McCommas & Bryant's (1990) laboratory study of houseflies also provides excellent support for theoretical predictions of bottleneck effects. Leberg (1992) explicitly tested predictions about the loss of heterozygosity and allelic variation using replicate populations of mosquitofish in controlled conditions. His data offer strong support to the contention that a decrease in heterozygosity is expected only in cases where the bottleneck is extreme and prolonged.

Conclusions

The intentional introduction of the European starling to North America has provided an excellent natural experiment to test predictions about the genetic effect of population bottlenecks. It differs from other studies of the effects of bottlenecks in that the population restriction (about 100 individuals) was more moderate. Following the introduction, the growth rate and range expansion of the starling has been phenomenal.

Measures of heterozygosity in the introduced North American populations are indistinguishable from the level of heterozygosity in starlings in their native range in Great Britain. This is completely consistent with theoretical predictions; a decrease in heterozygosity is expected only if the bottleneck is extremely small or prolonged.

The only possible remaining signature of the founding bottleneck in starlings may be a decrease in allelic diversity. Alleles that were rare in the source population are at the greatest risk of being lost through the bottleneck. It is also likely that some rare alleles which were included in the original group of founders were lost in the first few generations subsequent to the introduction. If some loci have only one or two rare alleles, this may reduce the number of polymorphic loci.

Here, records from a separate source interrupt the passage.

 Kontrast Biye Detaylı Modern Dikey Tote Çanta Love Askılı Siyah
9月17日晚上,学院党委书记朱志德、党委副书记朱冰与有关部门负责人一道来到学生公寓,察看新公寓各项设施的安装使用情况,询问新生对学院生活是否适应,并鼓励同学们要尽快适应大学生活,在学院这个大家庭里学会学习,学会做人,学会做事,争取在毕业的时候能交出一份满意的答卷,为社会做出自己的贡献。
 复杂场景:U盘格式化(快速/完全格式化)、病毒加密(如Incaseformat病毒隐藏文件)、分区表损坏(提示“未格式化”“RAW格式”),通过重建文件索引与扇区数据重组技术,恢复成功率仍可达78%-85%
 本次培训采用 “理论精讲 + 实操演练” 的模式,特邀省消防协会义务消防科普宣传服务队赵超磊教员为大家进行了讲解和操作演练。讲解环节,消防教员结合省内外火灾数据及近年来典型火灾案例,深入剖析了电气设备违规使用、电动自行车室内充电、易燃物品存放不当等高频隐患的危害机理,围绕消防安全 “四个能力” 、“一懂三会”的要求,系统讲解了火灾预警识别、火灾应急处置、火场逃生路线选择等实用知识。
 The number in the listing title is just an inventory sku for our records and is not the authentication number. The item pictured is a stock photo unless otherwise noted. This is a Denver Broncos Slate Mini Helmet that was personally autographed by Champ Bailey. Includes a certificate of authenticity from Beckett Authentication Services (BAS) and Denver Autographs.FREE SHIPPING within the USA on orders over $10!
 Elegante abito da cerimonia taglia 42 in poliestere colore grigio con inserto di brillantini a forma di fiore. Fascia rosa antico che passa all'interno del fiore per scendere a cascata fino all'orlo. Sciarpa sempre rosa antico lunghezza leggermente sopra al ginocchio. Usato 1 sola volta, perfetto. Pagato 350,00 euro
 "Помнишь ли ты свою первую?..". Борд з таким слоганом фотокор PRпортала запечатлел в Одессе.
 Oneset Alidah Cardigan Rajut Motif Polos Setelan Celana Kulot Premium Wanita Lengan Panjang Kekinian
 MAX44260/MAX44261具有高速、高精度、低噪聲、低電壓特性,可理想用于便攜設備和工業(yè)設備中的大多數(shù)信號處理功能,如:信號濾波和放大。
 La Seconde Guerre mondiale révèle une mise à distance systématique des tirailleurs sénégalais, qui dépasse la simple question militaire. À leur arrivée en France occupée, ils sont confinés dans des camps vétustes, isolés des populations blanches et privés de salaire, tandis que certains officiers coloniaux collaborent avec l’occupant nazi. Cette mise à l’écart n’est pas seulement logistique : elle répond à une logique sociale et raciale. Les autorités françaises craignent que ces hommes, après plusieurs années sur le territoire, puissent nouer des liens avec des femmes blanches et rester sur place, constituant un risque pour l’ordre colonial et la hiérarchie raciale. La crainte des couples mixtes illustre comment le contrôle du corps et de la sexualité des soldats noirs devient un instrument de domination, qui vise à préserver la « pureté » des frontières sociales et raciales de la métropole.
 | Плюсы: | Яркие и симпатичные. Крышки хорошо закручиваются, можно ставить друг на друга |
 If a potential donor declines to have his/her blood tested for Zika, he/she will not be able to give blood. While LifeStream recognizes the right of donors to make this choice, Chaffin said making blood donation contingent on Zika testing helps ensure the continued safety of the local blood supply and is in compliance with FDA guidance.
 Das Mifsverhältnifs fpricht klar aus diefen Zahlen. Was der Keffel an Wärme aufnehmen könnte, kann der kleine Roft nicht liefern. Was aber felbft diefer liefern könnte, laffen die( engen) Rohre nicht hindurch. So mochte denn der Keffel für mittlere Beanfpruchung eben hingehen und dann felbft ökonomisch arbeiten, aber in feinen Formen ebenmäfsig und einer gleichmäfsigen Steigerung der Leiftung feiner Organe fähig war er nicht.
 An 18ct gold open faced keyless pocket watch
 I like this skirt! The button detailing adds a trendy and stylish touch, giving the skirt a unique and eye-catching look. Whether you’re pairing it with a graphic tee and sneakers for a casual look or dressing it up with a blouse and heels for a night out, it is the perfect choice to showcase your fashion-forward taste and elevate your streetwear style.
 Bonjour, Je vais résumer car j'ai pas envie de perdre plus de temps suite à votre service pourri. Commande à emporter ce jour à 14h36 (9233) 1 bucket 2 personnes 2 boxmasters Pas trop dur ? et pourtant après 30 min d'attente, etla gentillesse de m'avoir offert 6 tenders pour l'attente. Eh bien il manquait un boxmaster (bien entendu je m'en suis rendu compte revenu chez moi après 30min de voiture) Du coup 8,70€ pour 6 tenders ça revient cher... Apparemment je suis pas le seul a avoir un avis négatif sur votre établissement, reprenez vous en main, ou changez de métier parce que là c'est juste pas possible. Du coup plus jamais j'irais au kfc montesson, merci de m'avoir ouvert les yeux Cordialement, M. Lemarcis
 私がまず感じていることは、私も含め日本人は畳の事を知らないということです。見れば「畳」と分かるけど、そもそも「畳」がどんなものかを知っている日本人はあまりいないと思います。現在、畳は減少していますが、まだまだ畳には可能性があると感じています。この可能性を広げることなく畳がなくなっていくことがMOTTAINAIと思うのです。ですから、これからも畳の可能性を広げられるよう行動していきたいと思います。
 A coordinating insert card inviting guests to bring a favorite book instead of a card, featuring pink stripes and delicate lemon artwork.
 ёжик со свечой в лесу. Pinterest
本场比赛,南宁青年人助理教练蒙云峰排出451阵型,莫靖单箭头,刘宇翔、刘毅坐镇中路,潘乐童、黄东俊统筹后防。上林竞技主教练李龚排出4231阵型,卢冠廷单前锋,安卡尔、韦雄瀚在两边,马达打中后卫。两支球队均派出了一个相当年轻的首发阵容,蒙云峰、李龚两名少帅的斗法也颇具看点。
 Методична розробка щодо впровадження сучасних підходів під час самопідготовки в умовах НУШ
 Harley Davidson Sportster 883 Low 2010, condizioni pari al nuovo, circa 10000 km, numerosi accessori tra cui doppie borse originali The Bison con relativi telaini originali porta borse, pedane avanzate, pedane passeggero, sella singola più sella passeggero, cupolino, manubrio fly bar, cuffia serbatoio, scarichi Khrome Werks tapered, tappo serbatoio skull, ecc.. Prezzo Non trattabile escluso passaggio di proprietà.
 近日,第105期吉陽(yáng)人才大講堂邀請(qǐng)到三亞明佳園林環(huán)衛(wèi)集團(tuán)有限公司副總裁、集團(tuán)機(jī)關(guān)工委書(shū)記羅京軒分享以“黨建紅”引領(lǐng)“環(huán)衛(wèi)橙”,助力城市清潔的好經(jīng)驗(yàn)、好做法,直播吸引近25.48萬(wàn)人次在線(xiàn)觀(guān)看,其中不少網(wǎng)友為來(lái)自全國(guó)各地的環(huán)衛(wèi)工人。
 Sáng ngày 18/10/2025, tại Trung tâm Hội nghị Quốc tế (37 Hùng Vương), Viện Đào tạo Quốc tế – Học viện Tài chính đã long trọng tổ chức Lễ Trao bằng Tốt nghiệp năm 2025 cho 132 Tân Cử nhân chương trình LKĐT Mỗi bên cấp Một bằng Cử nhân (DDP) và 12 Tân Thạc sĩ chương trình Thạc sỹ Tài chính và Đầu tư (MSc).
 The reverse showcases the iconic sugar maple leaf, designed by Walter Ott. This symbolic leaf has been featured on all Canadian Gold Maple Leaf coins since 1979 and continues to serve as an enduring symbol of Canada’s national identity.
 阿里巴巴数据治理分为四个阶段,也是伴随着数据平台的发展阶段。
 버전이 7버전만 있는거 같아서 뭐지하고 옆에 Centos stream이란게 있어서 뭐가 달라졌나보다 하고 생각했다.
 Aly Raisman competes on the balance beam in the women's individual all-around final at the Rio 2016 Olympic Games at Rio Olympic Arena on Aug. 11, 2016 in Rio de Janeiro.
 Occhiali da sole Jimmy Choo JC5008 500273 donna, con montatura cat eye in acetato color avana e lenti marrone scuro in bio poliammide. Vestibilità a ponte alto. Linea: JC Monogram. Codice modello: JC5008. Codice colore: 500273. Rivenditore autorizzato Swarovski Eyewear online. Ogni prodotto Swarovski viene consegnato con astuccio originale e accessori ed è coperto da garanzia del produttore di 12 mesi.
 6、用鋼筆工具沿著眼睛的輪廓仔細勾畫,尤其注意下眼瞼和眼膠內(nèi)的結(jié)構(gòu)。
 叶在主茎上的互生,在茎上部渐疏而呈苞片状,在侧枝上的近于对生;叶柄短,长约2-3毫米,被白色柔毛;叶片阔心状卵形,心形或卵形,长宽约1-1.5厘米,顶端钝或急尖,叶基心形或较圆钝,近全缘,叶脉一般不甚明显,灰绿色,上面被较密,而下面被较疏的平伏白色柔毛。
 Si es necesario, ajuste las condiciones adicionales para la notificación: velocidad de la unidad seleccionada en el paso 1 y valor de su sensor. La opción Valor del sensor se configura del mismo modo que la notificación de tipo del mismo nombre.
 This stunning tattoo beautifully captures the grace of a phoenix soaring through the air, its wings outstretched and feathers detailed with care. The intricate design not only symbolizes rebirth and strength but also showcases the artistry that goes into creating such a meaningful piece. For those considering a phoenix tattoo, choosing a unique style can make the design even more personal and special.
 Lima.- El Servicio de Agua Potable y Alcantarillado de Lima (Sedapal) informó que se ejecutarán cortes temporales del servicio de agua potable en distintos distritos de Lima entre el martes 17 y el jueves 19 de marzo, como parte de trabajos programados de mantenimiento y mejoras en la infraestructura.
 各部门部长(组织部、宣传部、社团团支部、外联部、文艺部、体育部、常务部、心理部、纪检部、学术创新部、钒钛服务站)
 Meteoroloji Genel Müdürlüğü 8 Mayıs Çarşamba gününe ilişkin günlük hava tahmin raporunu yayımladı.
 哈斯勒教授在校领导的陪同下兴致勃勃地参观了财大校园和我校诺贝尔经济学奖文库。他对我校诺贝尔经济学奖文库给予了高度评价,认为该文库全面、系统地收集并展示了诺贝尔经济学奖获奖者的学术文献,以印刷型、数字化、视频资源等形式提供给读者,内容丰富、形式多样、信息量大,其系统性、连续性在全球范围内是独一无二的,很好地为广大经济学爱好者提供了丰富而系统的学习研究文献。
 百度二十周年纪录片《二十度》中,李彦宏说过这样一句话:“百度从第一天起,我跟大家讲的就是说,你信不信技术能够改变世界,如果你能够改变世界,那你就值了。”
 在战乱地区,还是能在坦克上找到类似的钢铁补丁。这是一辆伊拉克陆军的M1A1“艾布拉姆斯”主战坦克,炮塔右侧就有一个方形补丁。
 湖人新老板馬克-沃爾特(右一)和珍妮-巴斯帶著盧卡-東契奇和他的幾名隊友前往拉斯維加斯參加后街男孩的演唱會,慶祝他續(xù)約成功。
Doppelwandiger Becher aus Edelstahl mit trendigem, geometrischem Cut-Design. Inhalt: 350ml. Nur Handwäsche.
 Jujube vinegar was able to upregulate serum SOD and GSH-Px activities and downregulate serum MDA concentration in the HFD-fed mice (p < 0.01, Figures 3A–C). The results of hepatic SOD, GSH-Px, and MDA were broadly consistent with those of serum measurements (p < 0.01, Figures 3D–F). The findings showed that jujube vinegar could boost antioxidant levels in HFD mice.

Taken together, the heterozygosity and allelic diversity measures are in good agreement with predictions of the consequences of population bottlenecks based solely on theoretical considerations. The theoretical predictions are robust for allozyme data, and may apply to a wide variety of conditions (McCommas & Bryant, 1990; Leberg, 1992). This suggests that if a bottleneck occurs, reasonable predictions about its genetic consequences can be made. Unfortunately, the converse is not true. Interpreting population history from genetic data is tenable only if information about the original source population is available.